PROMPT: Only the lines below from the one containing "台風のウネリも大きくはならず" to the one containing "Электросамокат оснащён интуитивно" should be repeated, both included and unchanged.

DATASET ENTRIES:
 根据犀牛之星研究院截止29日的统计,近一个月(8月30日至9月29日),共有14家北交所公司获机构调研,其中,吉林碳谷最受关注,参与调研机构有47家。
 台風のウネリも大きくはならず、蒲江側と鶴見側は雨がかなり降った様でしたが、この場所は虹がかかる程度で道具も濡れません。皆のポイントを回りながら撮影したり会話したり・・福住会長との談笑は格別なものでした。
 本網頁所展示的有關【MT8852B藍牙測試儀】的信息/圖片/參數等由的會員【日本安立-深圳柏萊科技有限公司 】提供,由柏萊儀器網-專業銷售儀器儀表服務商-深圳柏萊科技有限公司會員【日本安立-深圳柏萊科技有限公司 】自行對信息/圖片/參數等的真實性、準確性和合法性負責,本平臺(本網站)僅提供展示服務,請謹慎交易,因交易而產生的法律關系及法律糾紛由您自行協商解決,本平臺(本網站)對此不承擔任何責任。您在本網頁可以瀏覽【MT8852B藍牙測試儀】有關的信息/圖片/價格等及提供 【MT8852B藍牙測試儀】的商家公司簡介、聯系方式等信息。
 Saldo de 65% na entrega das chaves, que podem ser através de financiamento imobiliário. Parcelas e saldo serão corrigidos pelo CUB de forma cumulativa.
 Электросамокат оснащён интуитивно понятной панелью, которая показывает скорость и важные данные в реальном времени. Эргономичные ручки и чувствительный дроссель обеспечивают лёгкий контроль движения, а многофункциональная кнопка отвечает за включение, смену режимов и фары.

...

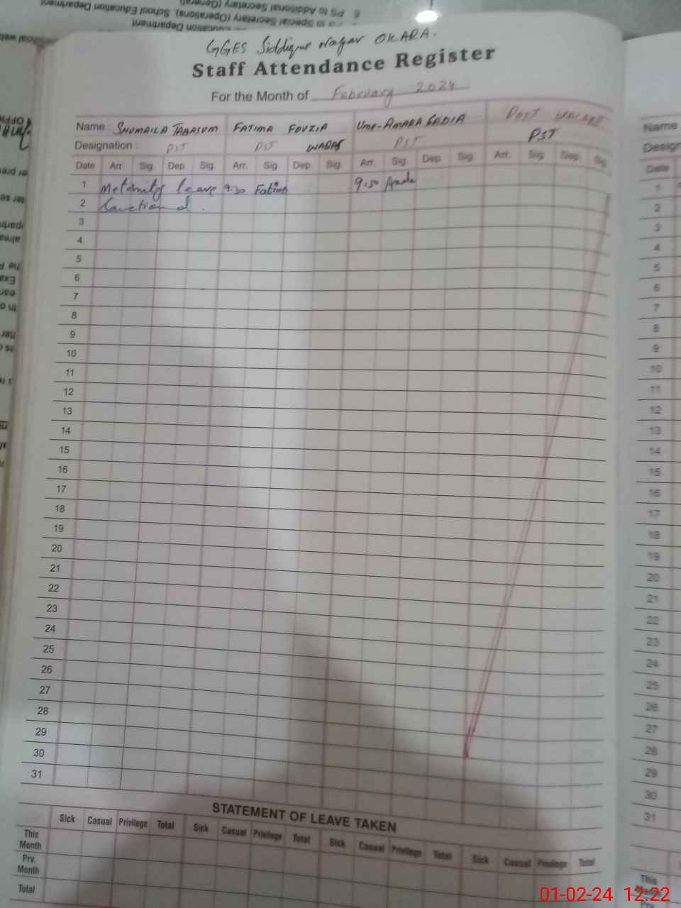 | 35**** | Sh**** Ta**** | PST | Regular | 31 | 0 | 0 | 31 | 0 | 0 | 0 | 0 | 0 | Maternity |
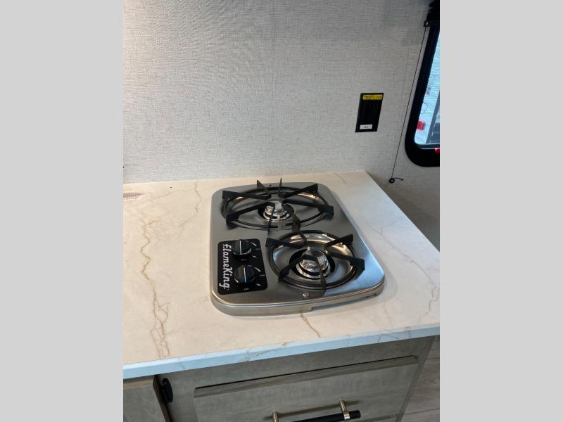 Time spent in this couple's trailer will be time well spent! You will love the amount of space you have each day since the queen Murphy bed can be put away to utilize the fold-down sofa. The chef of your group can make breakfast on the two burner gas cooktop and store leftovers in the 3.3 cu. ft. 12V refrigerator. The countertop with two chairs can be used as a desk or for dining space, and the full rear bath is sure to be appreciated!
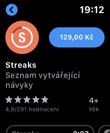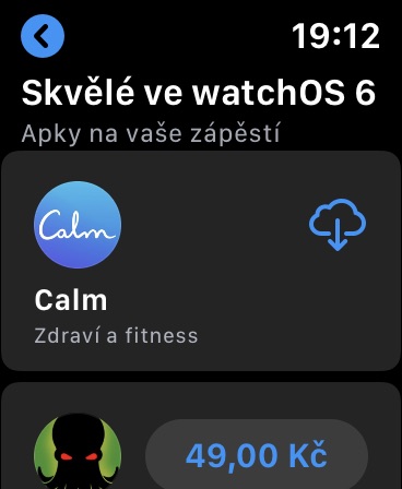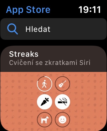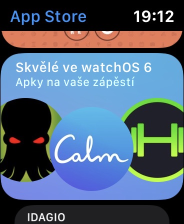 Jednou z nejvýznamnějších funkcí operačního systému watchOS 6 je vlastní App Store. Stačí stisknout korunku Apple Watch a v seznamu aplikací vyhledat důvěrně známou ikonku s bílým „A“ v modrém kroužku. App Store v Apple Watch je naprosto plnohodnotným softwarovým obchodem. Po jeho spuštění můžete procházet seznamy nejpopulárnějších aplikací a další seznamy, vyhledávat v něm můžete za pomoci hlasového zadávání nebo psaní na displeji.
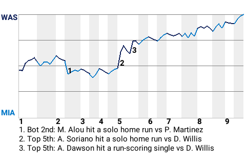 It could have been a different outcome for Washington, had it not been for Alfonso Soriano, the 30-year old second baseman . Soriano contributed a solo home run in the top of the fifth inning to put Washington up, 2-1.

==

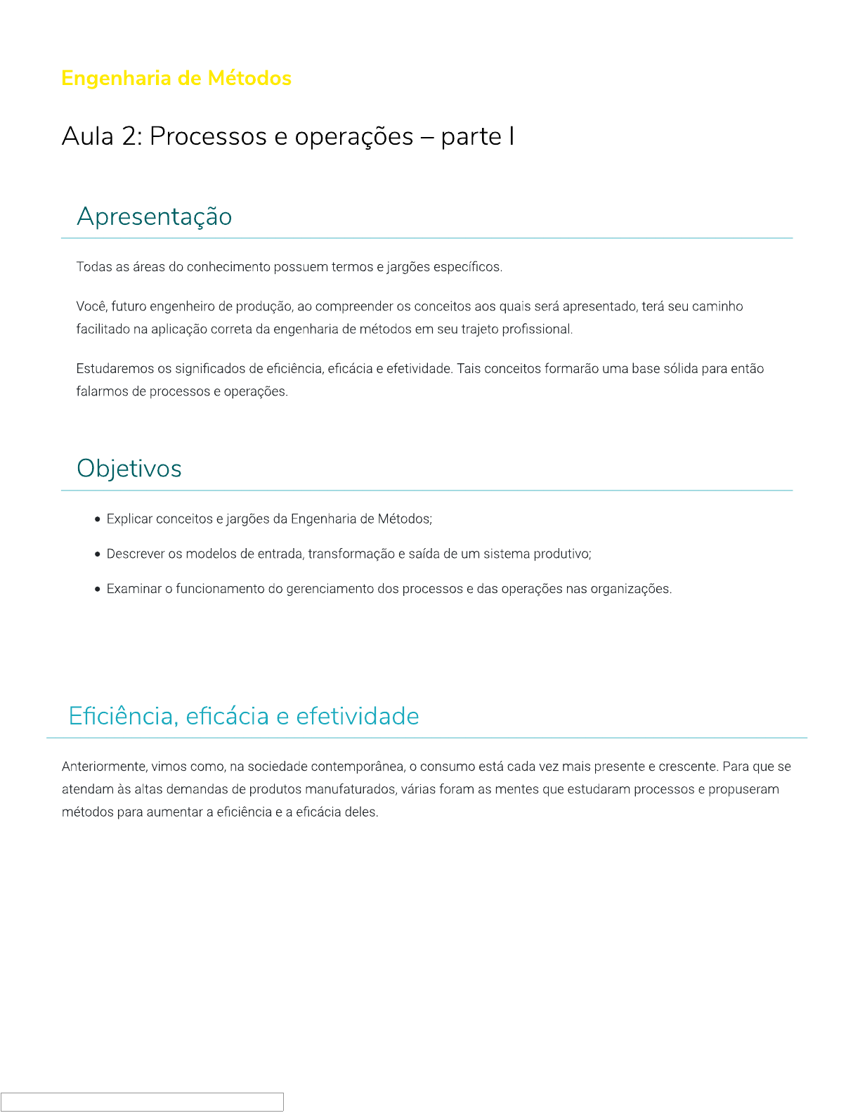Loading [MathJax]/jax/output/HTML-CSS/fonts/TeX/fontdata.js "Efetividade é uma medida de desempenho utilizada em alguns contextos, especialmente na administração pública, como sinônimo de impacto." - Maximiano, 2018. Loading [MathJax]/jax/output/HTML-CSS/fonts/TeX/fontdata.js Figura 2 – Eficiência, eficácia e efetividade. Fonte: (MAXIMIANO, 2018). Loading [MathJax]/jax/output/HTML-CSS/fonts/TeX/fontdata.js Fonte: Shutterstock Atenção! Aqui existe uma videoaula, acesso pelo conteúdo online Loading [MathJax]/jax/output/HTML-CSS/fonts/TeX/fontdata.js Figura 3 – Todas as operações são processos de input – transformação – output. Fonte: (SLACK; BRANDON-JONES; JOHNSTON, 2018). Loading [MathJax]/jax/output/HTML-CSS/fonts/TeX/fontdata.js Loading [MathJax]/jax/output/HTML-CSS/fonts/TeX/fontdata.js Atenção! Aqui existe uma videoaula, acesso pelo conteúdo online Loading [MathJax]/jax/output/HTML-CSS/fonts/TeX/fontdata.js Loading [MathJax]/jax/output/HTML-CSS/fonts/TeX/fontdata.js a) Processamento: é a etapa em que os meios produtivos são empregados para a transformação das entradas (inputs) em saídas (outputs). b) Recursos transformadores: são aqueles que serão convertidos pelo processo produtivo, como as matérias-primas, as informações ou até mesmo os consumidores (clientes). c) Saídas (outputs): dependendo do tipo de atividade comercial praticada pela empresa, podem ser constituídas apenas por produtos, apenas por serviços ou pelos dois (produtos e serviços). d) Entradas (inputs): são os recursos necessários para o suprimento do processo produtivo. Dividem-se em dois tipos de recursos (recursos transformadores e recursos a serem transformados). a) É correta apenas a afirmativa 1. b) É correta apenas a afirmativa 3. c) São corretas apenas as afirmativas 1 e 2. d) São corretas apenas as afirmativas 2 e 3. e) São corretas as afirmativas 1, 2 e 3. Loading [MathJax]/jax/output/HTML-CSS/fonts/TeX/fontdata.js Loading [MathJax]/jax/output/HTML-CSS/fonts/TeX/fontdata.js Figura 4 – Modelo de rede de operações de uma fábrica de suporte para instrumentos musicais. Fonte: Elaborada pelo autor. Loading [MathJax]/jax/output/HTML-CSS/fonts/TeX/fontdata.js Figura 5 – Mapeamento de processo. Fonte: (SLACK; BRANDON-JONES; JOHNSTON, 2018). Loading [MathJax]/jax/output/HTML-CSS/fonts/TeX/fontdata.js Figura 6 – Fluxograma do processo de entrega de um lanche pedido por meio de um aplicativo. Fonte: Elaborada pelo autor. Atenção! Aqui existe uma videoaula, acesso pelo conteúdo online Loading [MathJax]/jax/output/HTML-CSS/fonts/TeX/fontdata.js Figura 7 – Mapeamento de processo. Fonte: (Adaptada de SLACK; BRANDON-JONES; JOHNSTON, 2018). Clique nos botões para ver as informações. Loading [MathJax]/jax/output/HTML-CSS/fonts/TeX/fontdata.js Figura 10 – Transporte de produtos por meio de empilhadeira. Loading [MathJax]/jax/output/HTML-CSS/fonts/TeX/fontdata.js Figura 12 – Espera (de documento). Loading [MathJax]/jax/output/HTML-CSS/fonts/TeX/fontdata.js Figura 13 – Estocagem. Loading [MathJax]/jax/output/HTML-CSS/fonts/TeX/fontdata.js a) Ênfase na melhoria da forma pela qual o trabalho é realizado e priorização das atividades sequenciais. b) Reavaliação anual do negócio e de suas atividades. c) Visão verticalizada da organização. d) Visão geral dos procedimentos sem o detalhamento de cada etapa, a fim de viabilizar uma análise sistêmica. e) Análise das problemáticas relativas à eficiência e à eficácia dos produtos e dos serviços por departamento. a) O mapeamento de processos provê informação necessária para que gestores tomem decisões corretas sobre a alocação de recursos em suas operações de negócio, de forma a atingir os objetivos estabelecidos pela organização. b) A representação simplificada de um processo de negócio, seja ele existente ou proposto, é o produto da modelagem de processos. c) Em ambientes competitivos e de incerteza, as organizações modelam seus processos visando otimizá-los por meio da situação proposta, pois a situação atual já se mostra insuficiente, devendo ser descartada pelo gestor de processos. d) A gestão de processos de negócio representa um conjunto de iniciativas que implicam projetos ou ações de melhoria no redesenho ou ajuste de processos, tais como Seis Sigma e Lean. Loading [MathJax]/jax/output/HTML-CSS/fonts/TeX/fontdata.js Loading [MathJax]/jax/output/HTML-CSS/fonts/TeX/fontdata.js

SOLUTION TO THE PROBLEM:
 台風のウネリも大きくはならず、蒲江側と鶴見側は雨がかなり降った様でしたが、この場所は虹がかかる程度で道具も濡れません。皆のポイントを回りながら撮影したり会話したり・・福住会長との談笑は格別なものでした。
 本網頁所展示的有關【MT8852B藍牙測試儀】的信息/圖片/參數等由的會員【日本安立-深圳柏萊科技有限公司 】提供,由柏萊儀器網-專業銷售儀器儀表服務商-深圳柏萊科技有限公司會員【日本安立-深圳柏萊科技有限公司 】自行對信息/圖片/參數等的真實性、準確性和合法性負責,本平臺(本網站)僅提供展示服務,請謹慎交易,因交易而產生的法律關系及法律糾紛由您自行協商解決,本平臺(本網站)對此不承擔任何責任。您在本網頁可以瀏覽【MT8852B藍牙測試儀】有關的信息/圖片/價格等及提供 【MT8852B藍牙測試儀】的商家公司簡介、聯系方式等信息。
 Saldo de 65% na entrega das chaves, que podem ser através de financiamento imobiliário. Parcelas e saldo serão corrigidos pelo CUB de forma cumulativa.
 Электросамокат оснащён интуитивно понятной панелью, которая показывает скорость и важные данные в реальном времени. Эргономичные ручки и чувствительный дроссель обеспечивают лёгкий контроль движения, а многофункциональная кнопка отвечает за включение, смену режимов и фары.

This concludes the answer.